How are these practices changing over time, we wondered, and what should a collection of artifacts from the nation's most historically and naturally significant landscapes include? How are these objects narratively explained and physically maintained for future generations? Further, how do even the trails themselves function as a kind of museum without walls—and what goes into designing and documenting them?

Finally, how might archival practices oriented toward immersive experiences of outdoor landscapes differ from, for instance, the organizational techniques of a librarian, as Venue explored in our behind-the-scenes tour of the Denver Public Library with Wendel Cox?



Webster—a dream guide to this material, as curious about and excited by the collections as we were—told us countless stories of the region's parks. Many of these tales appear below, in the following edited transcript of our day spent behind the scenes of our nation's outdoor heritage, including the surprise natural gas pipeline that runs through Arches National Park and the possible future history of Blue John Canyon where hiker Aron Ralson infamously became trapped for 127 hours.

We were joined by a student named Malia, who was shadowing Vicki Webster for the day in order to learn more about the National Park Service.

• • •

Geoff Manaugh: Could you tell us briefly about the room we’re now standing in? At first glance, it seems to be more of an office archive or a storeroom, rather than a museum.

Vicki Webster: And it’s a very full storeroom! [laughs] You can see behind you that these shelves are just full of historic photos—so are these [gestures at shelves]—and they have all now been catalogued. We’ve also got three archival racks that are just about full now. These mobile racks are also almost full. I have a little space left in here, but not much.

The herbarium cabinets are right here, as well; then these specimen cabinets are where most of the archaeological and historical objects are. The archives are in these racks, and some other racks in the room on the other side of that wall. Then we also have map cabinets for oversized documents, drawings, and maps. We’re getting to where it’s pretty close-quarters.

In addition, we have some archival collections stored at the Western Archaeological Center in Tucson and at the Heritage Center in Dolores. We do have a lot—but, twenty years ago, there was really nothing catalogued, in terms of archives.

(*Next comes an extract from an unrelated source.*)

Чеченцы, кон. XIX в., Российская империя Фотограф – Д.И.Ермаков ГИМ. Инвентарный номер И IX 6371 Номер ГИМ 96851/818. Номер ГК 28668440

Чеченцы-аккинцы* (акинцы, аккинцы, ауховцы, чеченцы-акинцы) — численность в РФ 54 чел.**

Nicola Twilley: In terms of the broad categories of collections that are stored here, I guess there would be natural history…

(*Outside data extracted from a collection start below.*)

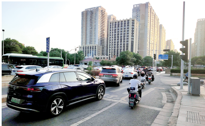
福元路建业路口车流量大

随后,记者将该路口的情况向郑州市公安局公安交通管理局进行了反映,工作人员表示将会安排专人前往现场实地调研。
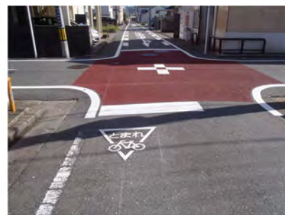
図 34 生活道路における自転車安全対策例(船越・野口地区)
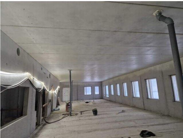
2.kerroksessa pintalattiavalun valmisteluja menoillaan.

Webster: That’s exactly what I was going to start with, to give you an idea of the different disciplines. I pulled out some samples from each. If you look just behind you here, on this shelf, this is a single sauropod vertebra. When I show this to people I always say: take one hand and put it on your own spinal column, and feel the size of a single vertebra. Now look at this again—this thing is huge. And there’s another one there, and then there are some smaller ones.

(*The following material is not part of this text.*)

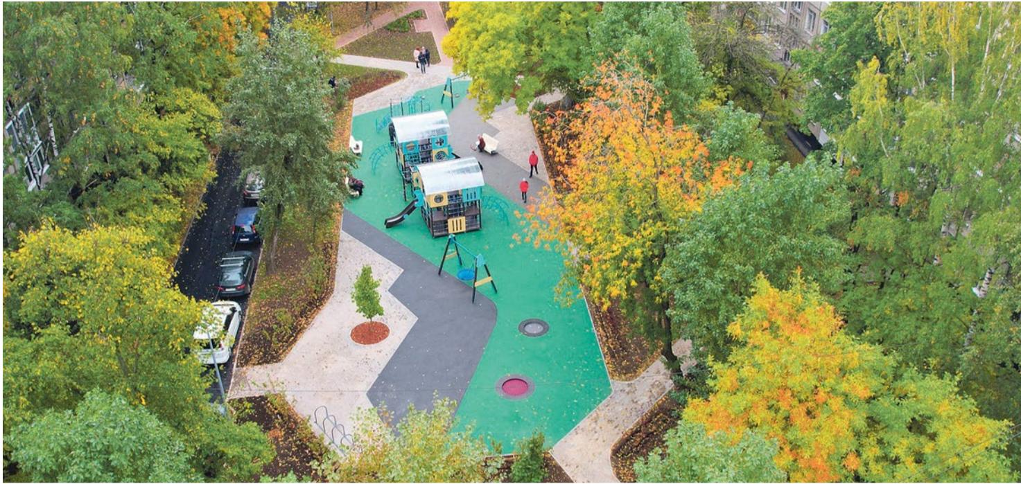
Вид сверху на новую площадку на Софийской, 20/3

Шумно, весело и празднично во дворе дома 20/3 на Софийской улице отметили открытие новой детской площадки. Событие по-настоящему знаковое – это первый большой проект нынешней команды муниципалитета № 72. При проектировании площадки они старались учесть все пожелания жителей: не только взрослых, но и самых главных пользователей игрового комплекса – подростков.
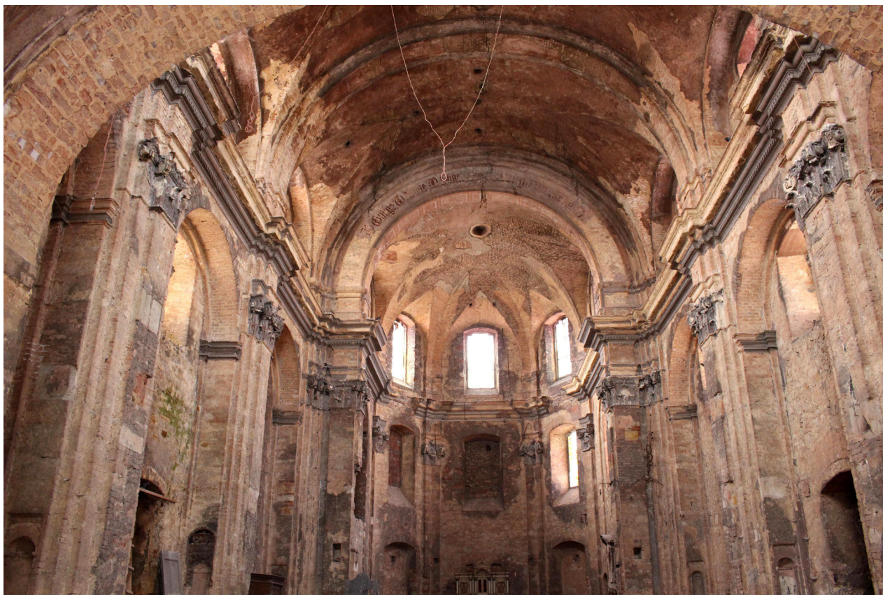
18) Duchcov, Kostel Navštívení Panny Marie, interiér lodi. Foto: Tomáš Vorlíček, 2018.

Pozoruhodný příklad recepce „velké architektury“ v rámci jednoho města představuje prakticky dosud nepovšimnutý objekt tzv. Heymannovy kaple v Duchcově. Na přelomu 17. a 18. století byla na soukromém pozemku kněze Johanna Christopha Heymanna († 1703) vybudována drobná centrální stavba s předsaženým kulisovým průčelím. Jako vzor zde bezpochyby sloužily struktury drobných oktagonálních kaplí zakomponovaných do průčelních bloků kostelů v Horním Jiřetíně a především kostela Zvěstování Panny Marie v samotném Duchcově, ke kterému měl donátor kaple úzké vazby. 48

A lot of people get really excited about archaeological things that are 800 to 1,200 years old—but these are millions of years old. This is a sign of life millions of years ago. To me, that’s much more fascinating and cool.

We do have these kind of paleontological resources in the collection, all found within the park boundaries. They were brought in from the field precisely because we didn’t want them to be stolen or damaged out there. In fact, we just recently finished a paleontological survey of Arches National Park, so the Utah state geologists have gone out there to a number of sites.



Twilley: Is that the oldest thing in the collection?

Webster: I would definitely say that our paleontological resources are among the oldest things in the collection. As to which one’s the oldest? Is it this particular vertebra? I don’t know. I’d have to look at these with someone.

But that’s really a large part of what I do: managing data. That data management function is critical, even more than having personal familiarity with the collection, so that other people can access the collection as a resource.

A lot of people associate the word curator with a subject-matter specialist, and, certainly, in a lot of museum work, you would have a subject-matter specialist as the curator. But, really, much of the time in National Park Service areas, the museum curator is a manager of the objects and the archives and the data about those objects, much more than a subject-matter specialist.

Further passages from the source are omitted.